At the Commercial Bank of Dubai, I built an Arabic content management system to meet new UAE Central Bank regulations. That experience taught me early on that localization is not a translation layer you add at the end. Arabic changes the structure, the layout direction, and the way content is authored and governed. If you treat it as an afterthought, it shows.
That lesson continued to shape how my team builds today. Our platform, Myndlab, is Arabic-first. You describe what you want in Arabic, and it builds the application in Arabic. It is not English software wearing an Arabic coat. It starts from the language and the reality of the people using it.
That is what representation looks like in practice. It is not a diversity statistic on a slide. It is a product that behaves differently, and better, because someone from the community was in the room when the foundational decisions got made. Localization, done properly, is not about language at all. It is about whether the technology actually reflects the people and the places it is meant to serve.

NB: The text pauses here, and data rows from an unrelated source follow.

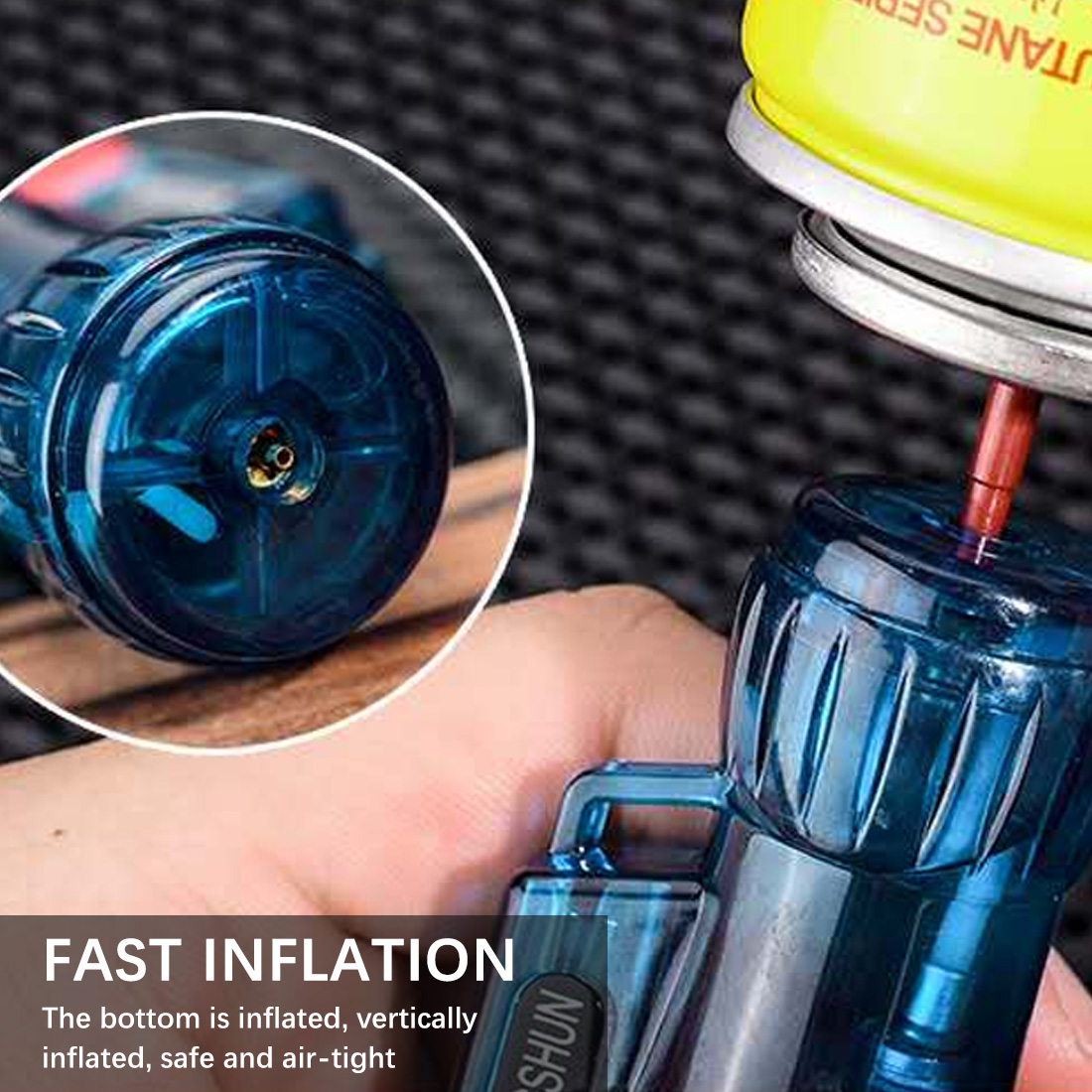 • Надувная конструкция с рециркуляцией бутанового газа, большей защитой окружающей среды и экономией денег.
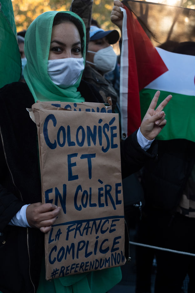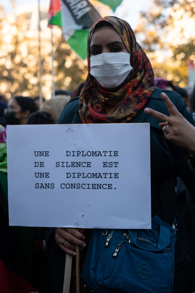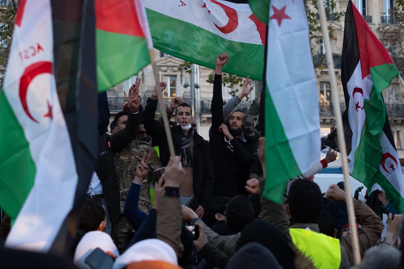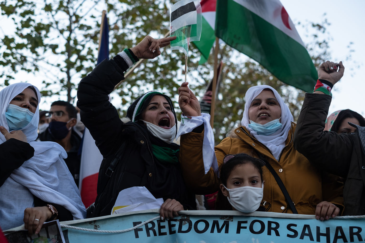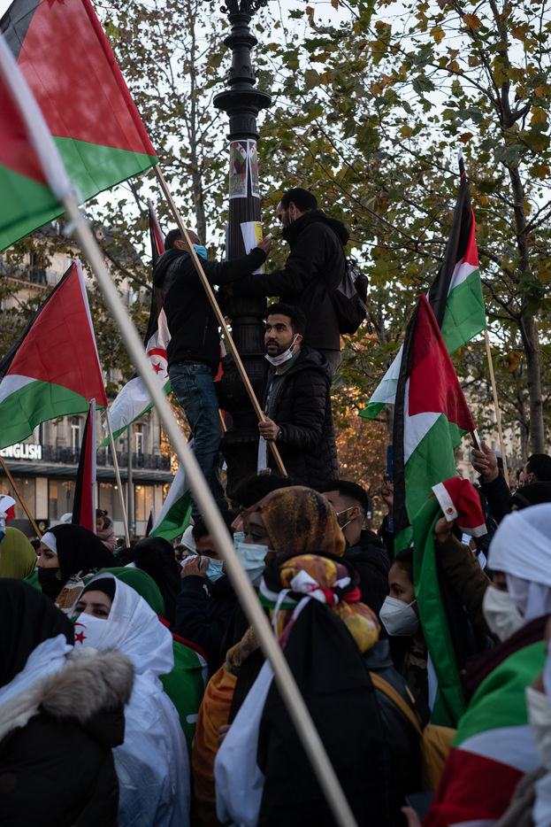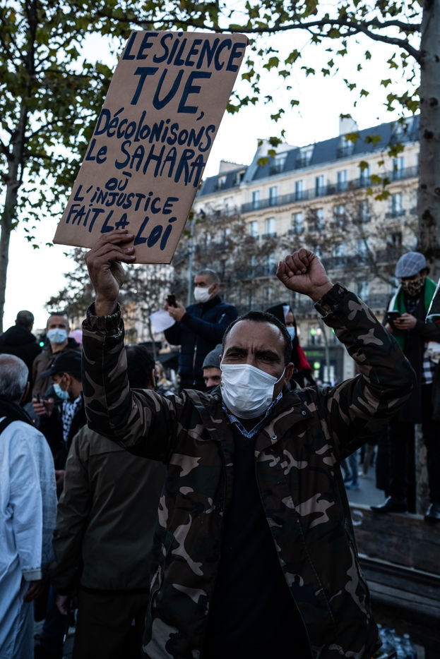 Demonstration on the Place de la Répubique on November 28, 2020, to express the rights of the Saharawi people to self-determination in a context of resumption of the armed conflict between Morocco and the Polisario Front. This gathering is also an opportunity to highlight the absence of human rights monitoring mechanisms in the territory occupied by Morocco, and the inaccessibility of the occupied territory to journalists, while the repression against civilians has increased since the November 13.
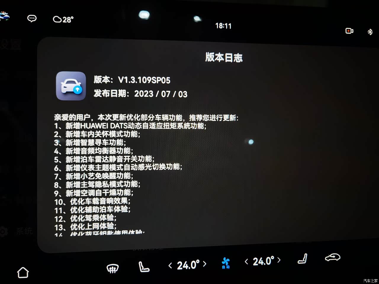 最近一次OTA是7月5日,更新了华为动态自适应扭矩/语音助手免唤醒功能/智慧寻车/关怀模式/隐私模式等等
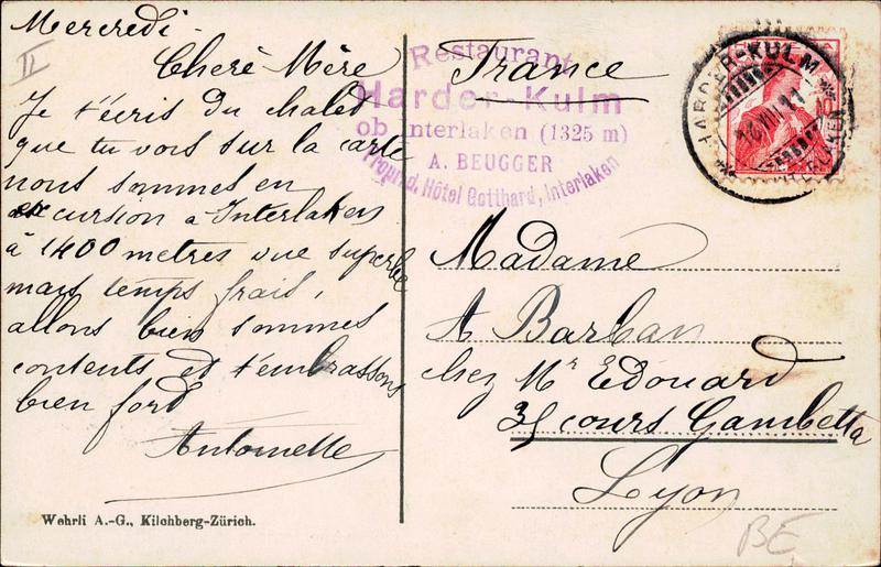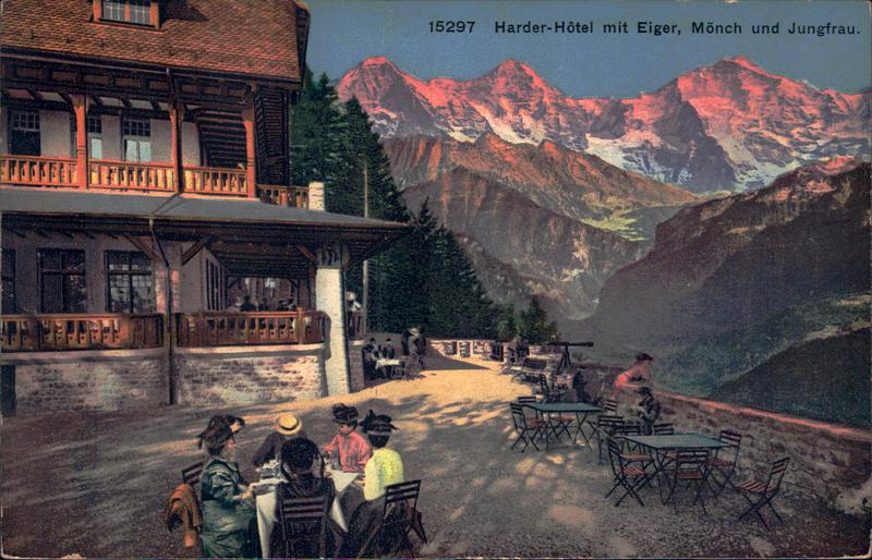 Zustandsbeschreibung der Ansichtskarte "Harder-Hotel mit Eiger, Mönch und Jungfrau"

Diversity Is a Competitive Advantage, Not a Quota
It is easy to frame representation purely as the right thing to do. It is that, but framing it only that way undersells it. Diversity on an engineering team is a commercial advantage.
The perspectives around the table decide which problems get solved, which data gets trusted, and which users get designed for. Homogeneous teams ship blind spots. Diverse teams ship products that more people actually trust and adopt. In a region as linguistically and culturally specific as the GCC, the team that understands the local reality will build the product the market actually wants.
Organizations building AI should treat diversity as strategy. It improves innovation, because more kinds of problems get seen. It builds trust, because more kinds of people feel considered. And trust is what drives long-term adoption, which is the whole game.
So, the practical asks are simple. Hire differently. Fund localization as core work rather than an afterthought. And put women on the teams making the foundational decisions, not just reviewing them at the end.
The Future Is Decided by Who Is Building
The future of AI will not be defined by increasingly powerful models alone. It will be defined by the people building them, the perspectives they bring, and whether the technology genuinely reflects the needs of the communities it is meant to serve.
To any Arab woman reading this and wondering whether AI is for her: you are not just a user of this technology. You are exactly the person it needs to build it. The gaps you notice, the things that feel off, the assumptions that do not fit your life or your language, those are not reasons to stay out. They are the reason to step in. Do not wait until you feel completely ready. Apply, build the thing you wish existed, and say the thing the room is missing. AI will not reflect your community until people from it are the ones shaping it.
The good news is that this region has already proven women will show up. Now, the invitation is bigger. Not just to use what gets built, but to build it. If we want the next generation of AI to be both genuinely innovative and genuinely inclusive, we need more of us in the room where it is made, and we need more collaboration to get us there. If women are using AI, we should be helping build it too.